上野国分寺跡の立地を見ると、古墳群とは異なる選地基準が見えてきます。古墳が水系との関係で立地を決めていたのに対し、国分寺は「国府からの距離」「平野部での視認性」「宗教的権威の演出」といった新しい価値観に基づいて配置されています。これは、権力の正統性の根拠が「血縁・地縁に基づく私的支配」から「天皇を頂点とする公的秩序」へと変化したことを示しています。

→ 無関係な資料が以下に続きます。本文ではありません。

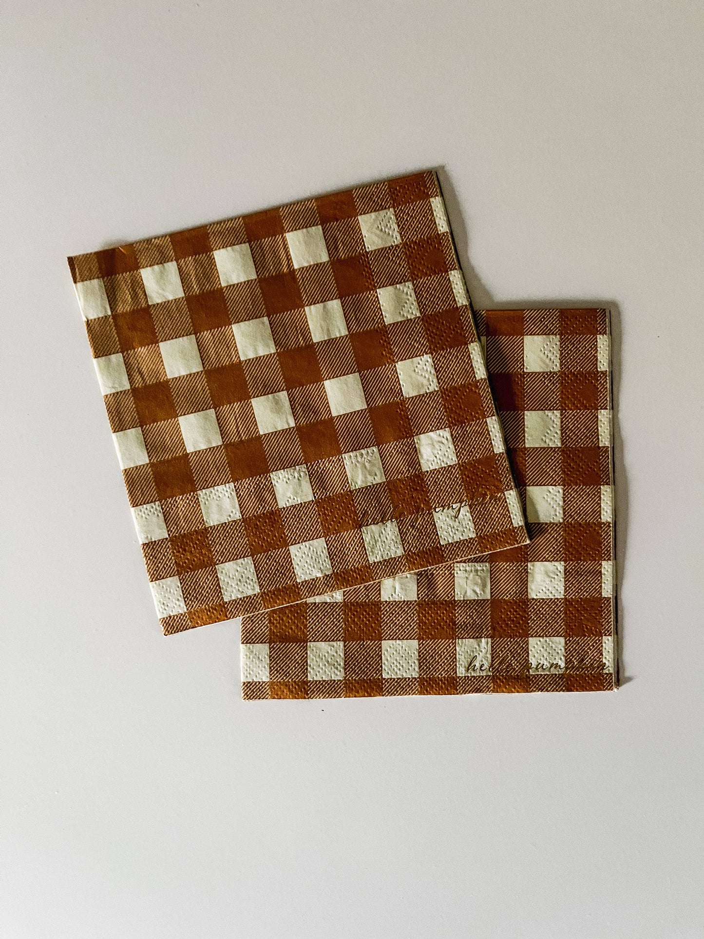 Adorable autumn orange plaid cocktail napkins with gold foil, "Hello Pumpkin". Burnt orange color plaid with cream, perfect for all your fall celebrations, Thanksgiving cocktail napkin, fall happy hour, baby shower, birthdays and more!

在地豪族の一部は、律令国家の地方支配にも組み込まれていきました。「国造」「郡司」といった新しい官職を通じて、古代以来の地域との関わりを継続しましたが、その権力の性格は根本的に変化していました。
綿貫観音山古墳は、この地域の終末期を代表する大型前方後円墳の一つです。その後、群馬平野に大型古墳が築かれることはなくなり、代わりに仏教寺院が新たな権威の象徴となりました。上野国分寺の七重塔は、かつて古墳が果たした「権力の可視化」という機能を引き継いだと言えるでしょう。
平野に刻まれた古代国家の記憶
群馬平野の古墳群を歩くと、古代日本の国家形成過程が見えてきます。5世紀から6世紀にかけての巨大前方後円墳は、地方の有力豪族がヤマト王権との政治的関係を深めながら、東国支配の一翼を担っていた時代を物語っています。そして7世紀以降の変化は、律令国家の成立とともに、古墳時代の秩序が移行していったことを示しています。
現在の群馬平野を車で走ると、古墳は田園風景の中にひっそりと佇んでいます。しかし、1500年前のこの地には、東国有数の政治的拠点が存在していました。古墳という「権力の記念碑」は、今も私たちに古代国家の姿を語りかけています。群馬平野に残る古墳群は、日本という国家がいかにして形成されたかを物語る、貴重な歴史の証人です。